The Atlantic has published an essay based on a post I wrote here last week about Lawrence VanDyke’s nomination to the Ninth Circuit. Here is the conclusion:

What happens next? Nominees, of course, could refuse to meet with the ABA. Though that option includes a risk: The most damning allegations will not be refuted. There is a far more productive approach. These interrogations should be treated as hostile depositions. A court reporter and videographer should be present, as well as privately retained counsel to push back on unfounded accusations. In the event that the nominee is rated as qualified, there would be no need to release the transcript. Going forward, when a nominee is rated as unqualified, the transcript should be released, and the recording should be posted publicly online. There is no reason to rely on disputed accounts of the interview.

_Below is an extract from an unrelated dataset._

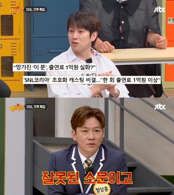 지난 4일 방송된 JTBC 예능물 '아는 형님'에서 SNL 크루 정상훈, 김민교, 정이랑, 권혁수, 이수지, 주현영, 김아영이 등장했다. 그동안 SNL 호스트에 배우 조진웅, 고수, 조정석 등 스타들이 출연한 것을 두고 김희철인 "돈이 많은 건가, MC 신동엽의 인성 덕분에 섭외가 잘 된 건가? (출연료가) 1, 2억이란 이야기도 있다"라고 궁금해했다.

As originally designed, the confidential nature of this process made some sense. The interviews were not recorded to ensure that members of the bar could candidly critique a potential jurist, and to prevent the nominee from facing public embarrassment if the report was released. But the VanDyke letter turns that practice on its head. He was sandbagged at the last minute, and he was not given a chance to address any of the accusations it contained. This wound was entirely self-inflicted. If the ABA wanted to rate a nominee like VanDyke as unqualified, the organization should have followed its own rules to a T. Instead, it ran a slipshod process, led by a person whose objectivity was open to question.

This process should no longer be a black box. If reports faithfully reflect the interviews, faith can be restored in the ABA. If the process remains shrouded in secrecy, Americans can safely discount future findings.

To date, the ABA has continued to stand by the VanDyke report. That decision should be reconsidered. The organization should assign a second investigator, whose objectivity cannot be question, to review the recommendation. That move would restore some faith in the process.